Ausbildungsberufe

Klavier- und Cembalobauer (m/w/d)

Fachrichtung Cembalobau

Die Tätigkeit im Überblick
Klavier- und Cembalobauer/innen der Fachrichtung Cembalobau stellen hauptsächlich Cembali, aber auch Instrumente wie Klavichorde, Hammerflügel oder Spinette her. Außerdem reparieren, restaurieren und stimmen sie Instrumente.

Die Ausbildung im Überblick
Klavier- und Cembalobauer/in der Fachrichtung Cembalobau ist ein 3,5-jähriger anerkannter Ausbildungsberuf in Industrie und Handwerk.

Ausbildungsvergütung
Die Ausbildungsvergütung für eine duale Ausbildung wird vom Ausbildungsbetrieb gezahlt und richtet sich bei tarifgebundenen Betrieben nach tarifvertraglichen Vereinbarungen. Nicht tarifgebundene Betriebe müssen laut Berufsbildungsgesetz
in jedem Fall eine angemessene Ausbildungsvergütung gewähren. Orientierungsmöglichkeiten bieten die einschlägigen tarifvertraglichen Vereinbarungen. Findet die Ausbildung in schulischer Form statt (z.B. an einer Berufsfachschule oder im 1. Ausbildungsjahr als Berufsgrundbildungsjahr BGJ), wird keine Ausbildungsvergütung gezahlt.

Beispiel Musikinstrumentenmacherhandwerk (monatlich brutto – je nach Bundesland):
1. Ausbildungsjahr: € 490 bis € 640
2. Ausbildungsjahr: € 530 bis € 730
3. Ausbildungsjahr: € 625 bis € 860
4. Ausbildungsjahr: € 850 bis € 875

Beispiel Holz verarbeitende Industrie (monatlich brutto – je nach Bundesland):
1. Ausbildungsjahr: € 640 bis € 920
2. Ausbildungsjahr: € 677 bis € 956
3. Ausbildungsjahr: € 778 bis € 997
4. Ausbildungsjahr: € 811 bis € 1.046

Quellen
Tarifinformationen des Bundes und der Länder (z.B. Bundesministerium für Arbeit und Soziales, WSI-Tarifarchiv, Tarifarchive der Bundesländer)

Hinweis: Diese Angaben dienen der Orientierung. Ansprüche können daraus nicht abgeleitet werden.

Typische Branchen
Klavier- und Cembalobauer/innen der Fachrichtung Cembalobau finden Beschäftigung in erster Linie

  • in Handwerksbetrieben der Cembaloherstellung
  • in kleineren bis mittleren Industriebetrieben des Musikinstrumentenbaus

Darüber hinaus finden sie auch Beschäftigung

  • in Museen mit Restaurierungsabteilungen

Fachrichtung Klavierbau

Die Tätigkeit im Überblick
Klavier- und Cembalobauer/innen der Fachrichtung Klavierbau stellen Klaviere und Flügel her. Außerdem reparieren, restaurieren und stimmen sie Instrumente.

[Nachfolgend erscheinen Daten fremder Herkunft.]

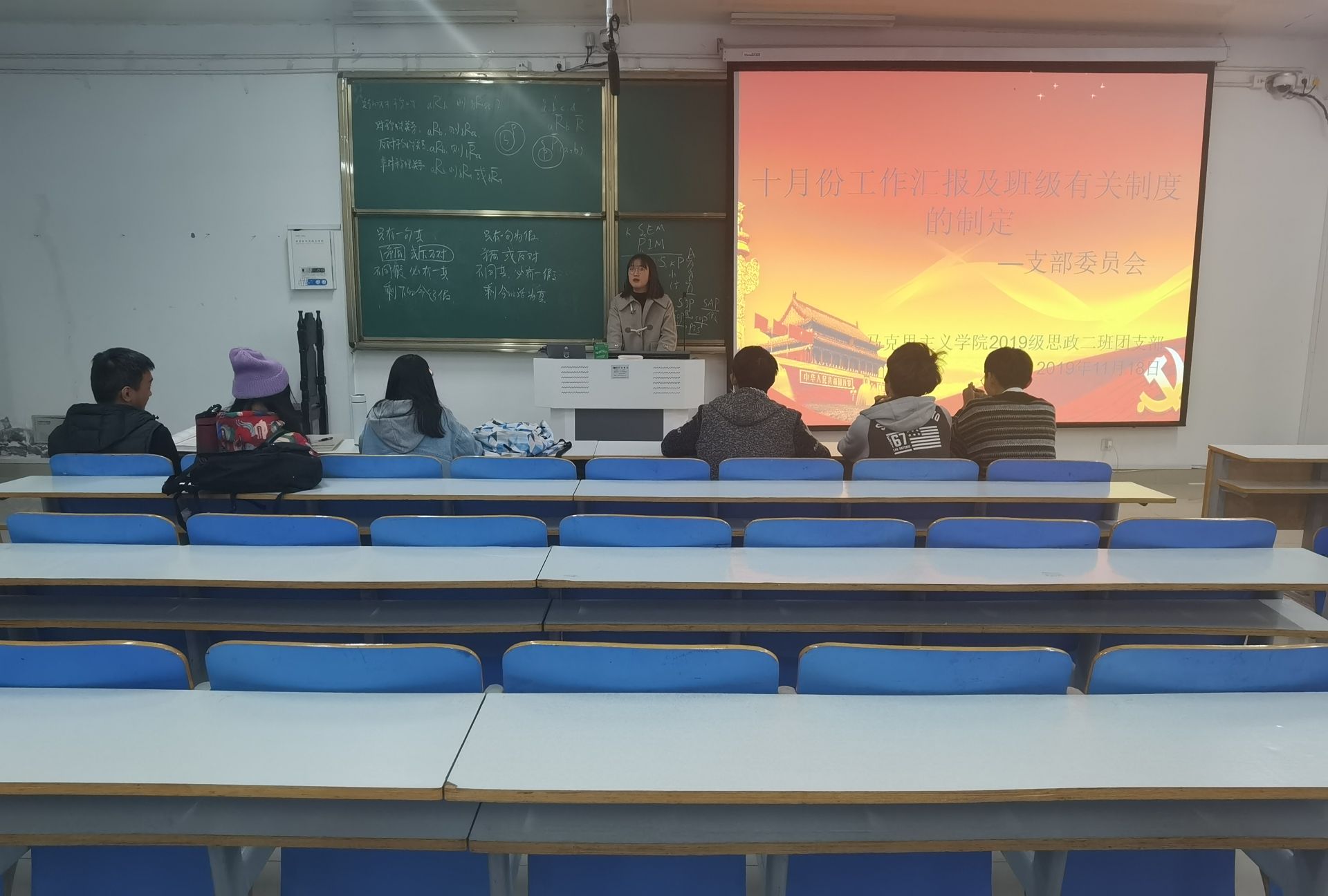 首先,孙雅娴提出了同学们团课笔记不认真,团课态度不积极等问题,希望支部委员能做好模范带头作用,引导大家共同进步。接着,她详细说明了十佳环保宿舍活动的参赛评分细则,鼓励同学们积极参赛。最后,吕昂为支部委员宣读金年会jinnianhuicom思想政治教育二班晚自习规章制度细则,并要求支部委员以身作则,树立踏实认真的优良学风。

Die Ausbildung im Überblick
Klavier- und Cembalobauer/in der Fachrichtung Klavierbau ist ein 3,5-jähriger anerkannter Ausbildungsberuf in Industrie und Handwerk.

Ausbildungsvergütung
Die Ausbildungsvergütung für eine duale Ausbildung wird vom Ausbildungsbetrieb gezahlt und richtet sich bei tarifgebundenen Betrieben nach tarifvertraglichen Vereinbarungen. Nicht tarifgebundene Betriebe müssen laut Berufsbildungsgesetz
in jedem Fall eine angemessene Ausbildungsvergütung gewähren. Orientierungsmöglichkeiten bieten die einschlägigen tarifvertraglichen Vereinbarungen. Findet die Ausbildung in schulischer Form statt (z.B. an einer Berufsfachschule oder im 1. Ausbildungsjahr als Berufsgrundbildungsjahr BGJ), wird keine Ausbildungsvergütung gezahlt.

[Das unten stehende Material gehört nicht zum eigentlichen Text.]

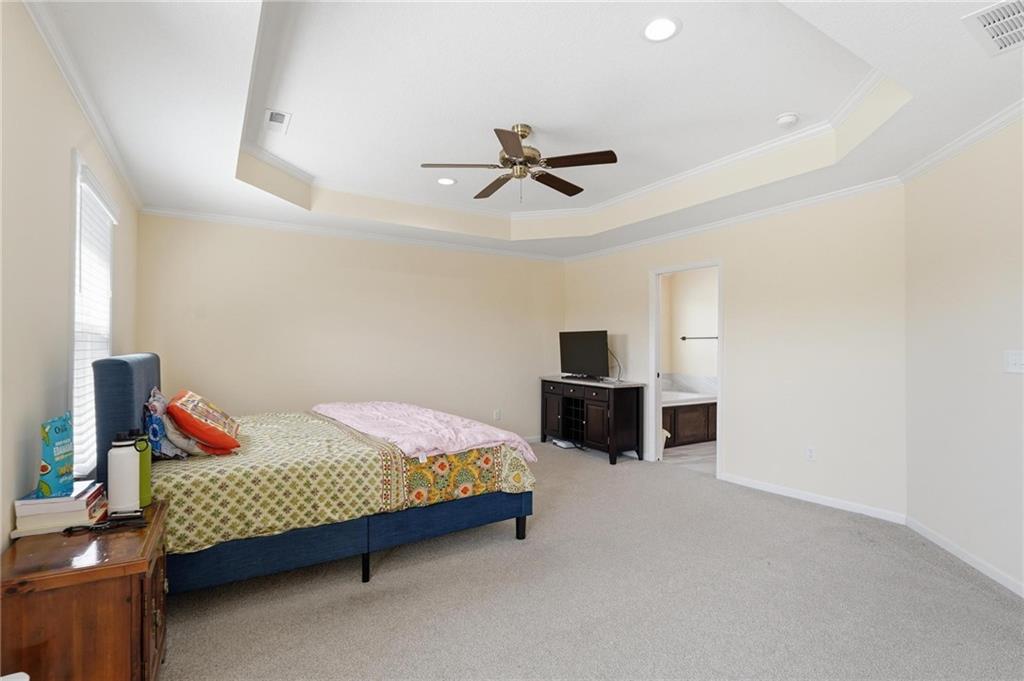 This stunning custom Landon II 2-story home offers a perfect blend of modern elegance and functional design within the prestigious Willows community. Situated in a prime location within the top-rated Blue Valley School District, this residence sits on a desirable walk-out lot with a sought-after east-facing orientation, ensuring an abundance of natural sunlight throughout the day. The main level features an expansive open floor plan highlighted by a Great Room with a gas fireplace, a gourmet kitchen equipped with a large island and walk-in pantry, and a sun-drenched dining area. This thoughtfully designed layout includes four full bathrooms, with one conveniently located on the main level. Upstairs, the luxurious master suite serves as a private retreat with a tray ceiling, dual vanities, a soaking tub, and a massive walk-in closet. Three additional spacious bedrooms ensure comfort for the whole family. Outdoor enthusiasts will appreciate the nearby nature trails, while the covered deck, three-car garage, and unfinished walk-out basement provide exceptional utility and room for future expansion.

Beispiel Musikinstrumentenmacherhandwerk (monatlich brutto – je nach Bundesland):
1. Ausbildungsjahr: € 490 bis € 640
2. Ausbildungsjahr: € 530 bis € 730
3. Ausbildungsjahr: € 625 bis € 860
4. Ausbildungsjahr: € 850 bis € 875

Beispiel Holz verarbeitende Industrie (monatlich brutto – je nach Bundesland):
1. Ausbildungsjahr: € 640 bis € 920
2. Ausbildungsjahr: € 677 bis € 956
3. Ausbildungsjahr: € 778 bis € 997
4. Ausbildungsjahr: € 811 bis € 1.046

Quellen
Tarifinformationen des Bundes und der Länder (z.B. Bundesministerium für Arbeit und Soziales, WSI-Tarifarchiv, Tarifarchive der Bundesländer)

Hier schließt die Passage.